Thursday, August 16, 2007

What kind of squash is this?

One of the things that I listed on my 2007 Garden To Do List was to grow some vegetables that I haven't grown before. One such veggie was sweet potatoes which got destroyed by the critters. Another new addition was supposed to be spaghetti squash. I had planned on starting the seeds indoors under lights but unfortunately I never got around to doing it. Moving to plan B, I bought a container of spaghetti squash at the garden center which had two plants in it. They have been the biggest and healthiest plants in the garden and I thought all was well. We began finding recipes for cooking it and was excited to see if it actually looked like spaghetti. Once the fruits started to develop, I noticed that something was terribly wrong. These aren't spaghetti squash plants! I can't even figure out what kind of squash this is.

I also don't know when they should be picked. Here is one that I picked small shown next to the spaghetti squash tag that came in the pot. It is obviously NOT going to change into the squash pictured.
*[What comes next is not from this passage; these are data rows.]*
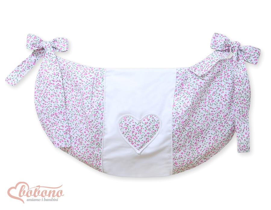Spielzeugtasche für Babybett - Hängende Herzen rosa Blümchen Wunderbare, grosse Tasche für Spielzeug, Zeitschriften und aller Hand andern Dingen im Leben mit Kindern. Wirkt auch sehr dekorativ im Kinderraum.
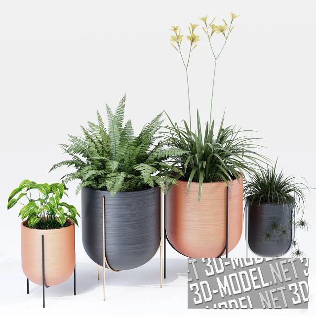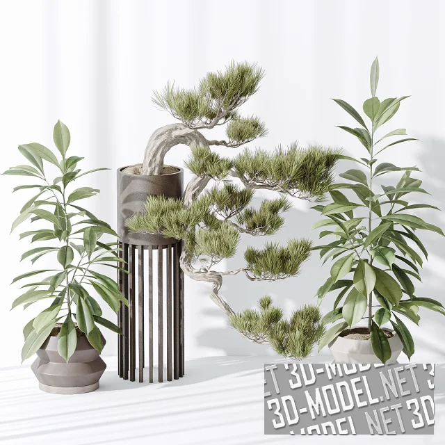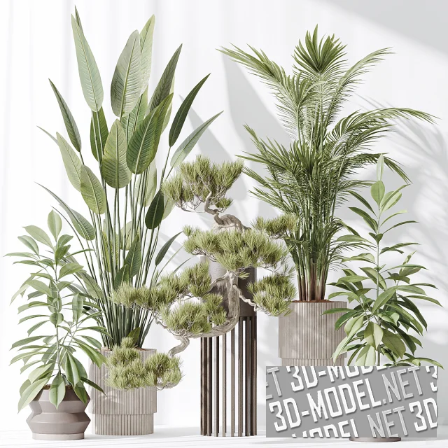 Живописная группа растений для террас, балконов, летних площадок. Горшки разной формы и размера в оттенках серого. В коллекции два фикуса Циатистипула («африканская фига»), стрелиция («Райская птица»), бонсай из сосны, пальма арека. Высоты растений с горшками: 130см, 150см, 165см, 205см, 255см.
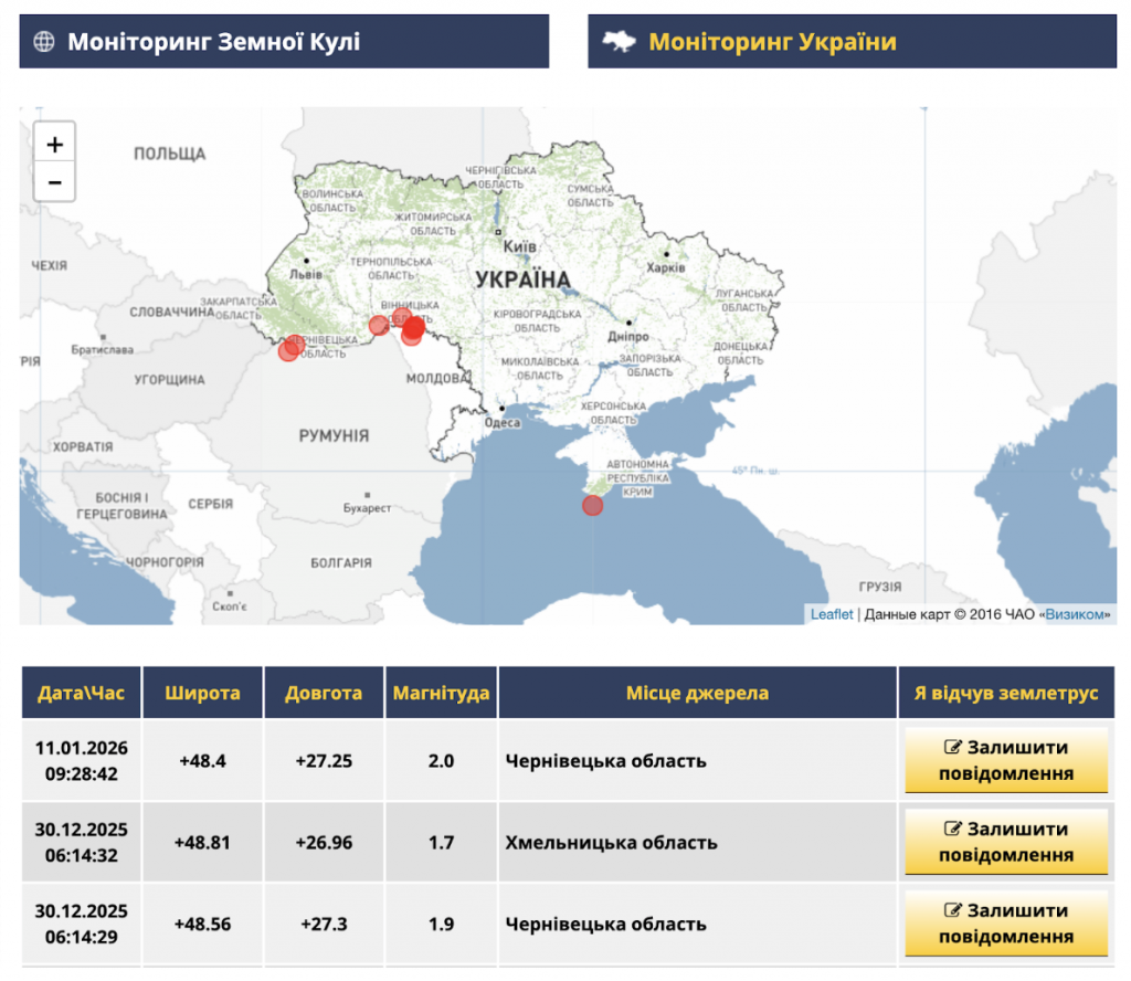 Центры специального контроля Украины, ЕС и США не регистрировали ни одного землетрясения на украинской территории в период с 8 по 9 января 2026 года.
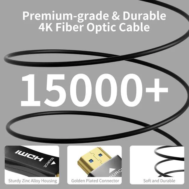 Premium Construction for Durability: Our fiber optic HDMI cable features 24K gold-plated plugs for enhanced durability and resistance to oxidation. The high-quality metal shell design improves heat dissipation, while the lightweight PVC material allows flexible bending of the HDMI cord angle for long-term durability. The HDMI cables enable uncompressed and lossless signal transmission over long distances thanks to the natural resistance of optical fiber to electromagnetic interference

I thought maybe it was a Patty Pan squash, so I bought one at the Farmers' Market to compare to.

Similar, but not as flat and wrong color. These pictures were taken a month ago and I have left more squashes on the vine to see if they change color. They have stayed green and just grown larger.

This is just another reason why it is better to start your own seeds instead of trusting plants from a garden center.

So please, if any of you recognize this squash, I would love to know what its name is and what to do with it. Even if you just have a guess I would love to hear from you.

Thanks in advance!

11 comments:

Harmony

Sounds like Scallopini Squash to me. From the description: "scallopini Notes: This is like a pattypan squash, only it's greener and rounder."

Carol

Your guess is as good as mine... I grew spaghetti squash from seed and have eaten a few already. It's my favorite squash and yes, it looks like spaghetti strands, sort of, once it is cooked. Delicious.

Carol at May Dreams Gardens

Curtis

I was thinking acorn squash but I don't know. Harmony probably has it right.I love spaghetti squash.

~ethan

honestly, that kind of looks like an ornamental gourd to me.

steven

I think Ethan has hit the nail on the head. Possibly a Bush Scallop that's crossed with a gourd?

Katie

I was browsing through the Henry Field's catalog and spied this: Sweet Mama Hybrid (winter squash). I immediately thought of your post! But I think Steven has it right -- it is a hybrid of some sort.

Marc

Wow, Thank you to everyone who answered! I guess the next step is to try and cook some of it. That will rule out it being a gourd. Although they could be gourds since they are the only thing the groundhogs are not bothering!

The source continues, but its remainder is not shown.